Copy the records below exactly, starting at the line that contains "Ryan, however, didn’t" and ending at the line that contains "焊接:準(zhǔn)備好所有"; leave out any pictures.

*** Task material Section Begins ***

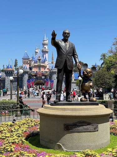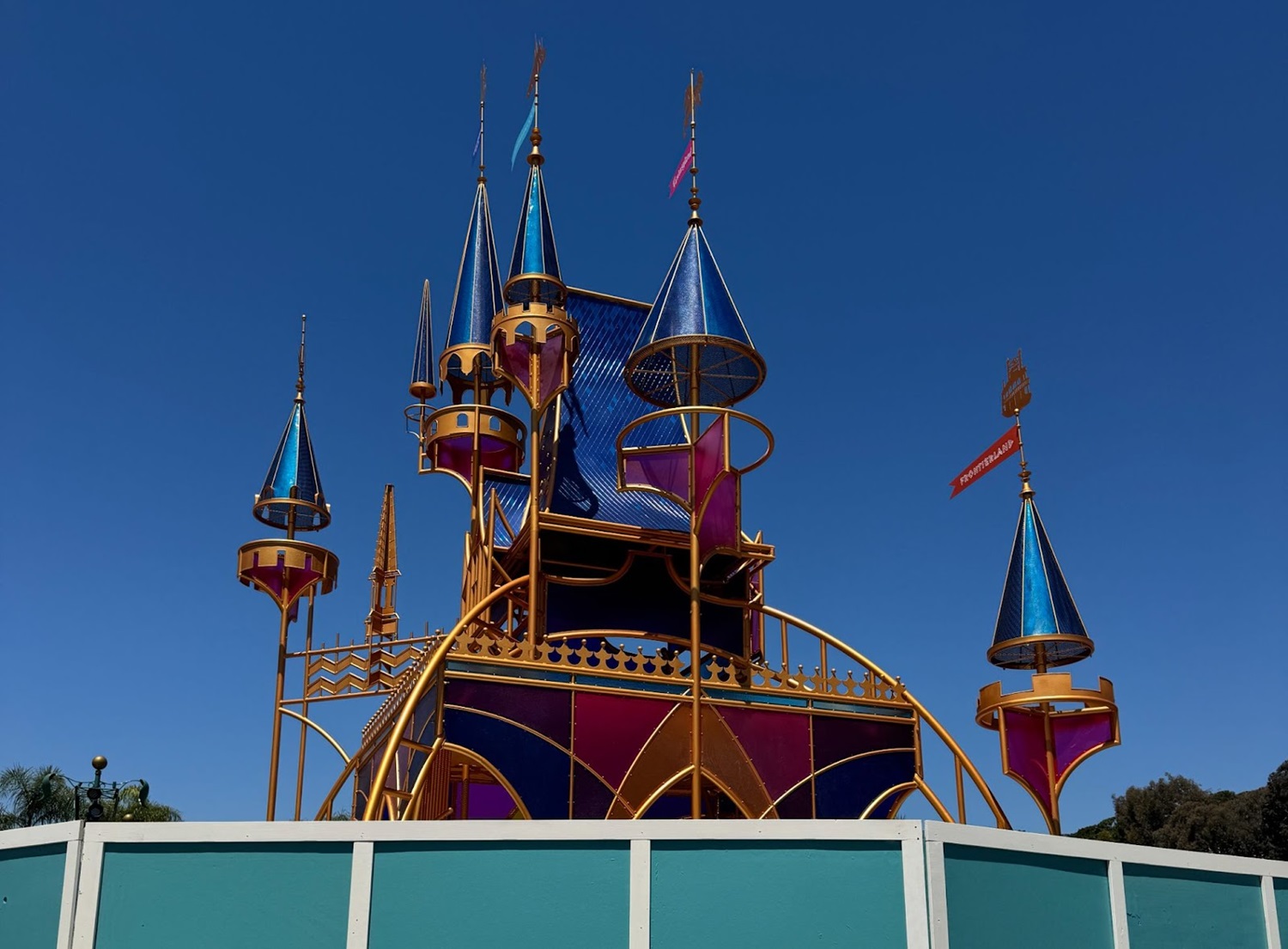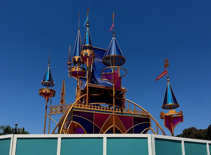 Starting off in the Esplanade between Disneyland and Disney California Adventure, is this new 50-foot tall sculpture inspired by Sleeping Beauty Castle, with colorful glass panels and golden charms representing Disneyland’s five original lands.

*** Task material Section Ends ***
*** Task material Section Begins ***

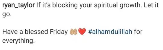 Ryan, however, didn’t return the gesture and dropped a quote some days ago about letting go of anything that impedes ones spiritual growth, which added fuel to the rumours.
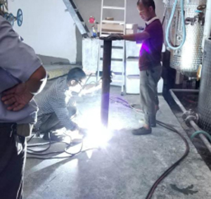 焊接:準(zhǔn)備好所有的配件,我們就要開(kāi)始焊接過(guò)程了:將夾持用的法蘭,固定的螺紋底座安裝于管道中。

*** Task material Section Ends ***

Written solution:
 Ryan, however, didn’t return the gesture and dropped a quote some days ago about letting go of anything that impedes ones spiritual growth, which added fuel to the rumours.
 焊接:準(zhǔn)備好所有的配件,我們就要開(kāi)始焊接過(guò)程了:將夾持用的法蘭,固定的螺紋底座安裝于管道中。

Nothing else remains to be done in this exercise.